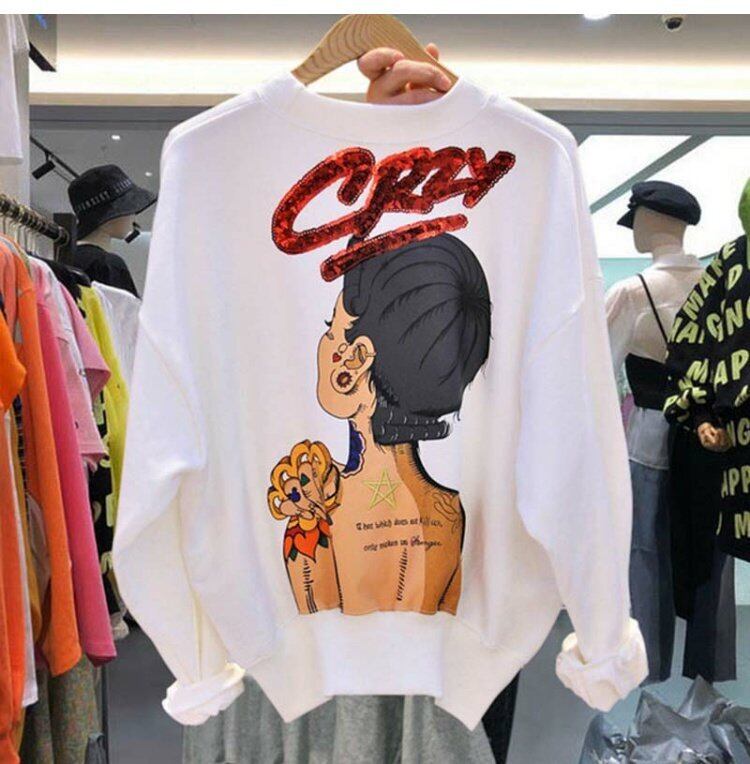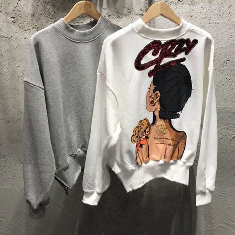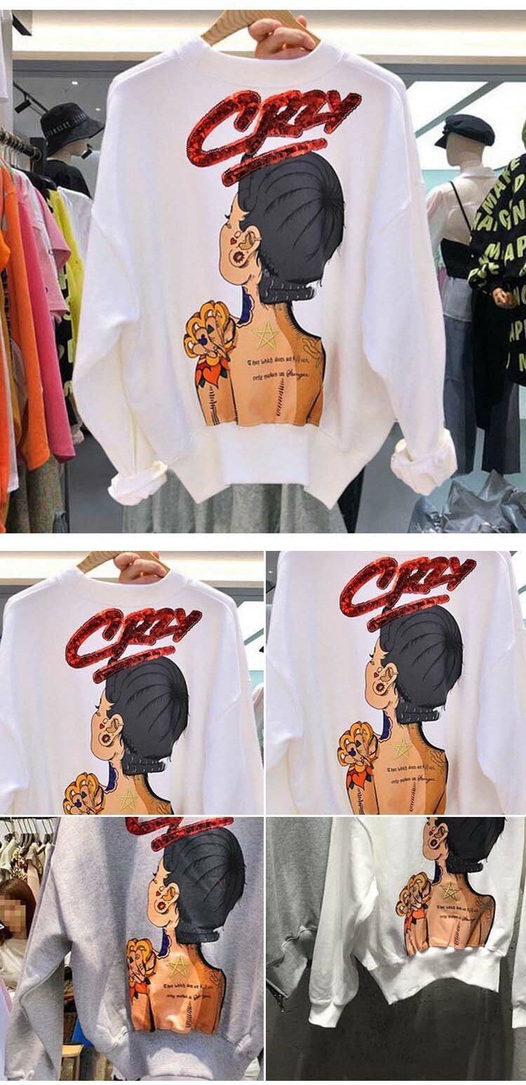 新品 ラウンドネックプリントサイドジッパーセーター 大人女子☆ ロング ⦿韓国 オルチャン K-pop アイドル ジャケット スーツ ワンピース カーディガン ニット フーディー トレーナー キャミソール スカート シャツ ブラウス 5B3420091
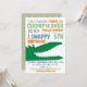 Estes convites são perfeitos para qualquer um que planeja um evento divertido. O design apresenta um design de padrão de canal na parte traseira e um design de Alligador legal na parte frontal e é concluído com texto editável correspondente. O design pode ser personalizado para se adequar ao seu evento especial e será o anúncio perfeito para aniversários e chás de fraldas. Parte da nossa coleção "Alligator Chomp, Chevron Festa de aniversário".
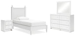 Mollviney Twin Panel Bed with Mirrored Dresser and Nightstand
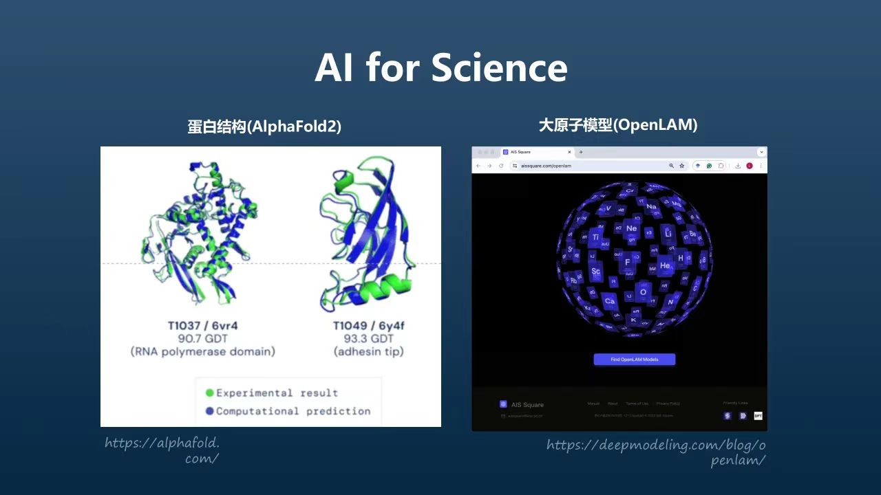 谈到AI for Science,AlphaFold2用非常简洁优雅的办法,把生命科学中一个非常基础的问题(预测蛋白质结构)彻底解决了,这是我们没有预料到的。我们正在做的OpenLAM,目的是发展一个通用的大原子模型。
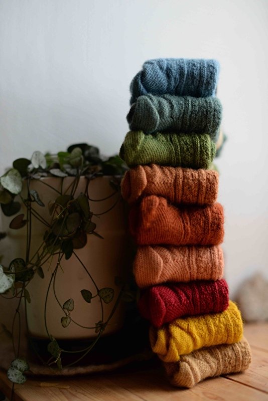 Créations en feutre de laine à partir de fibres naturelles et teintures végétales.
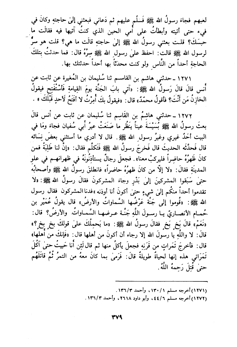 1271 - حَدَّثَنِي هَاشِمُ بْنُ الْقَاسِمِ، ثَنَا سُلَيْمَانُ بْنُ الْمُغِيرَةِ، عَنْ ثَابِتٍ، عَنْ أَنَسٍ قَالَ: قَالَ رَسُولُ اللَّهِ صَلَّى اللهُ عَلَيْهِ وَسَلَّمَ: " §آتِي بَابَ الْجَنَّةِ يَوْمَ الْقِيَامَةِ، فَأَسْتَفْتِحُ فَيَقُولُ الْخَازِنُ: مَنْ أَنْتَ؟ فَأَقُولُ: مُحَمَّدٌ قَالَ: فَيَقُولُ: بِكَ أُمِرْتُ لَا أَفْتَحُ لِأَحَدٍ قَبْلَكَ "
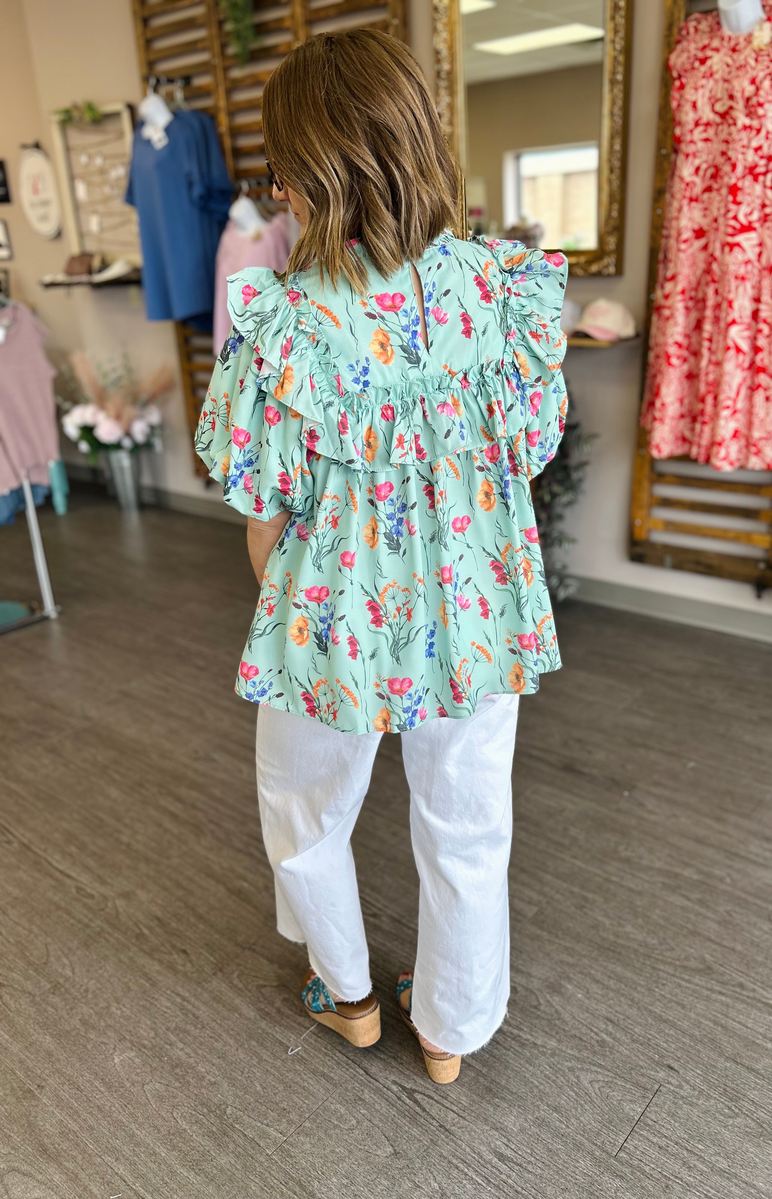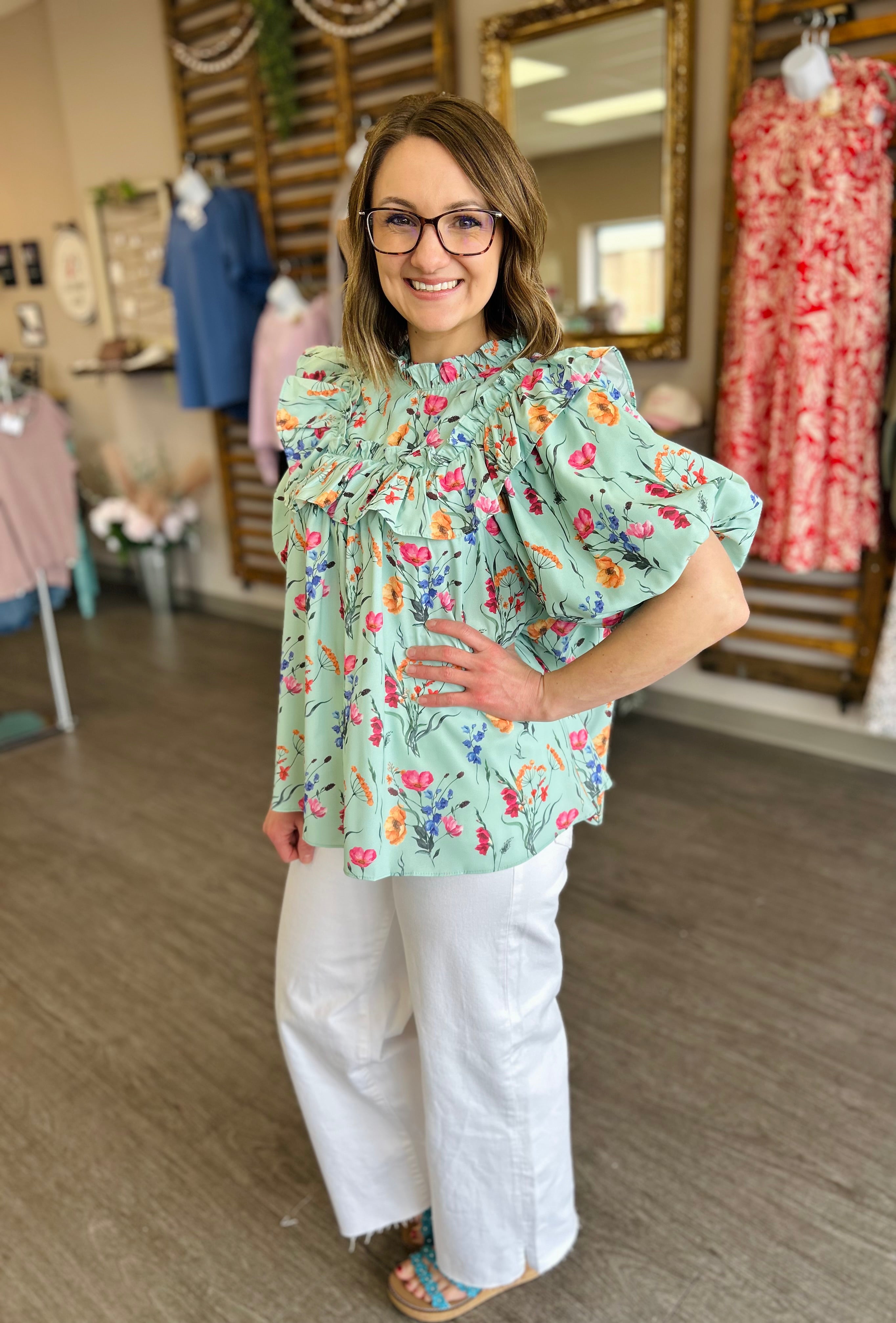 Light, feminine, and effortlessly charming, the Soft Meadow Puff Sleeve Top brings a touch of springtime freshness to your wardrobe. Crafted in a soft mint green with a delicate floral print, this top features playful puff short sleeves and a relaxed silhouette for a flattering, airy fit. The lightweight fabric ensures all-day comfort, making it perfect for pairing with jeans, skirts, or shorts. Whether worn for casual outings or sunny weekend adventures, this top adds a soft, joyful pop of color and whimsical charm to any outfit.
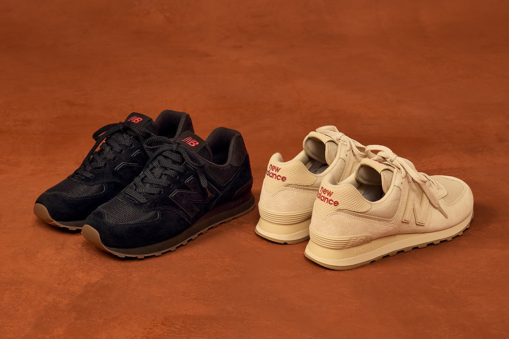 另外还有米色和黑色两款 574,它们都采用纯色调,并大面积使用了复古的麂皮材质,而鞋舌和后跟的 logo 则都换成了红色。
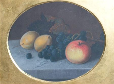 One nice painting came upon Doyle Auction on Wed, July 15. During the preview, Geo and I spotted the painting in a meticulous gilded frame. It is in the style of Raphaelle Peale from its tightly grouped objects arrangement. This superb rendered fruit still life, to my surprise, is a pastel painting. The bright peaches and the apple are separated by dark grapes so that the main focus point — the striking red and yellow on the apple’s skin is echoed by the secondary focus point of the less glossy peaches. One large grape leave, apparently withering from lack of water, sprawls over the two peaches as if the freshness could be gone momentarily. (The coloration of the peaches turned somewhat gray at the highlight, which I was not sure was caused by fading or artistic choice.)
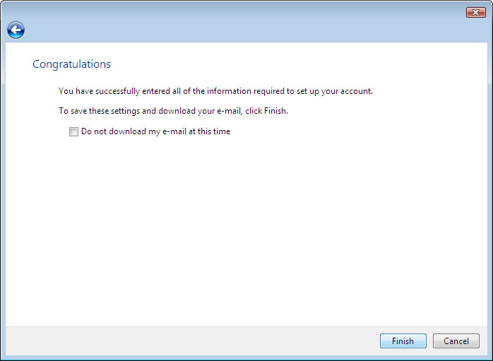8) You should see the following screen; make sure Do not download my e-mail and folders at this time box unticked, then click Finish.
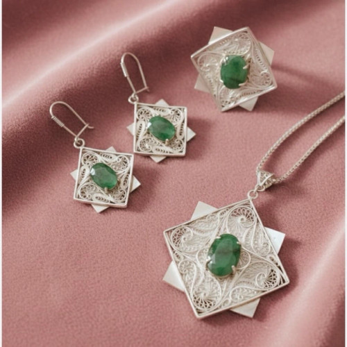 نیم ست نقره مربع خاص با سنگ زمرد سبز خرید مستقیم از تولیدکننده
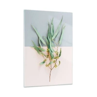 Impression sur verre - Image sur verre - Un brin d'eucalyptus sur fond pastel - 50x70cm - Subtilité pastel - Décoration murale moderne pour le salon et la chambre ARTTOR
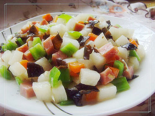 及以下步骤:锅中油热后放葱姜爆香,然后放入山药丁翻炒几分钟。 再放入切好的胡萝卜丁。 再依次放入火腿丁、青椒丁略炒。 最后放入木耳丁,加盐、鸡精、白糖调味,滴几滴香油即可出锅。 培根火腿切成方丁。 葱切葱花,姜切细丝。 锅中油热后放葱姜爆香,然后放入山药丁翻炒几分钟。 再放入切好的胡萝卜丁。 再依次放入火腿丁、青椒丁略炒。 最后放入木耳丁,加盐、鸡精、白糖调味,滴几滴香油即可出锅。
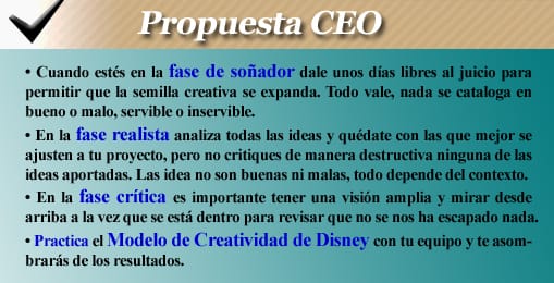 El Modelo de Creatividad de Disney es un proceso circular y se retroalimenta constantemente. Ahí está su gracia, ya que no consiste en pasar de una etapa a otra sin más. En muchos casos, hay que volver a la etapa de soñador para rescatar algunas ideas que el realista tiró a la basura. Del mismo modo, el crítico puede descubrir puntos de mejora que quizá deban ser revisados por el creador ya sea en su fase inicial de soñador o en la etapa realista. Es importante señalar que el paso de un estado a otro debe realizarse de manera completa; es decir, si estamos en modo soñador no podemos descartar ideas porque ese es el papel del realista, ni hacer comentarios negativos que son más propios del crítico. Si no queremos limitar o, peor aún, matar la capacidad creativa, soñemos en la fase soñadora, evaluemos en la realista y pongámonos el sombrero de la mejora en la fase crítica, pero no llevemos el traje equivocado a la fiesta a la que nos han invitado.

#### Exercise requirements
Leave out the images and copy every record above exactly.

#### Your response
 新品 ラウンドネックプリントサイドジッパーセーター 大人女子☆ ロング ⦿韓国 オルチャン K-pop アイドル ジャケット スーツ ワンピース カーディガン ニット フーディー トレーナー キャミソール スカート シャツ ブラウス 5B3420091
 Estes convites são perfeitos para qualquer um que planeja um evento divertido. O design apresenta um design de padrão de canal na parte traseira e um design de Alligador legal na parte frontal e é concluído com texto editável correspondente. O design pode ser personalizado para se adequar ao seu evento especial e será o anúncio perfeito para aniversários e chás de fraldas. Parte da nossa coleção "Alligator Chomp, Chevron Festa de aniversário".
 Mollviney Twin Panel Bed with Mirrored Dresser and Nightstand
 谈到AI for Science,AlphaFold2用非常简洁优雅的办法,把生命科学中一个非常基础的问题(预测蛋白质结构)彻底解决了,这是我们没有预料到的。我们正在做的OpenLAM,目的是发展一个通用的大原子模型。
 Créations en feutre de laine à partir de fibres naturelles et teintures végétales.
 1271 - حَدَّثَنِي هَاشِمُ بْنُ الْقَاسِمِ، ثَنَا سُلَيْمَانُ بْنُ الْمُغِيرَةِ، عَنْ ثَابِتٍ، عَنْ أَنَسٍ قَالَ: قَالَ رَسُولُ اللَّهِ صَلَّى اللهُ عَلَيْهِ وَسَلَّمَ: " §آتِي بَابَ الْجَنَّةِ يَوْمَ الْقِيَامَةِ، فَأَسْتَفْتِحُ فَيَقُولُ الْخَازِنُ: مَنْ أَنْتَ؟ فَأَقُولُ: مُحَمَّدٌ قَالَ: فَيَقُولُ: بِكَ أُمِرْتُ لَا أَفْتَحُ لِأَحَدٍ قَبْلَكَ "
 Light, feminine, and effortlessly charming, the Soft Meadow Puff Sleeve Top brings a touch of springtime freshness to your wardrobe. Crafted in a soft mint green with a delicate floral print, this top features playful puff short sleeves and a relaxed silhouette for a flattering, airy fit. The lightweight fabric ensures all-day comfort, making it perfect for pairing with jeans, skirts, or shorts. Whether worn for casual outings or sunny weekend adventures, this top adds a soft, joyful pop of color and whimsical charm to any outfit.
 另外还有米色和黑色两款 574,它们都采用纯色调,并大面积使用了复古的麂皮材质,而鞋舌和后跟的 logo 则都换成了红色。
 One nice painting came upon Doyle Auction on Wed, July 15. During the preview, Geo and I spotted the painting in a meticulous gilded frame. It is in the style of Raphaelle Peale from its tightly grouped objects arrangement. This superb rendered fruit still life, to my surprise, is a pastel painting. The bright peaches and the apple are separated by dark grapes so that the main focus point — the striking red and yellow on the apple’s skin is echoed by the secondary focus point of the less glossy peaches. One large grape leave, apparently withering from lack of water, sprawls over the two peaches as if the freshness could be gone momentarily. (The coloration of the peaches turned somewhat gray at the highlight, which I was not sure was caused by fading or artistic choice.)
8) You should see the following screen; make sure Do not download my e-mail and folders at this time box unticked, then click Finish.
 نیم ست نقره مربع خاص با سنگ زمرد سبز خرید مستقیم از تولیدکننده
 Impression sur verre - Image sur verre - Un brin d'eucalyptus sur fond pastel - 50x70cm - Subtilité pastel - Décoration murale moderne pour le salon et la chambre ARTTOR
 及以下步骤:锅中油热后放葱姜爆香,然后放入山药丁翻炒几分钟。 再放入切好的胡萝卜丁。 再依次放入火腿丁、青椒丁略炒。 最后放入木耳丁,加盐、鸡精、白糖调味,滴几滴香油即可出锅。 培根火腿切成方丁。 葱切葱花,姜切细丝。 锅中油热后放葱姜爆香,然后放入山药丁翻炒几分钟。 再放入切好的胡萝卜丁。 再依次放入火腿丁、青椒丁略炒。 最后放入木耳丁,加盐、鸡精、白糖调味,滴几滴香油即可出锅。
 El Modelo de Creatividad de Disney es un proceso circular y se retroalimenta constantemente. Ahí está su gracia, ya que no consiste en pasar de una etapa a otra sin más. En muchos casos, hay que volver a la etapa de soñador para rescatar algunas ideas que el realista tiró a la basura. Del mismo modo, el crítico puede descubrir puntos de mejora que quizá deban ser revisados por el creador ya sea en su fase inicial de soñador o en la etapa realista. Es importante señalar que el paso de un estado a otro debe realizarse de manera completa; es decir, si estamos en modo soñador no podemos descartar ideas porque ese es el papel del realista, ni hacer comentarios negativos que son más propios del crítico. Si no queremos limitar o, peor aún, matar la capacidad creativa, soñemos en la fase soñadora, evaluemos en la realista y pongámonos el sombrero de la mejora en la fase crítica, pero no llevemos el traje equivocado a la fiesta a la que nos han invitado.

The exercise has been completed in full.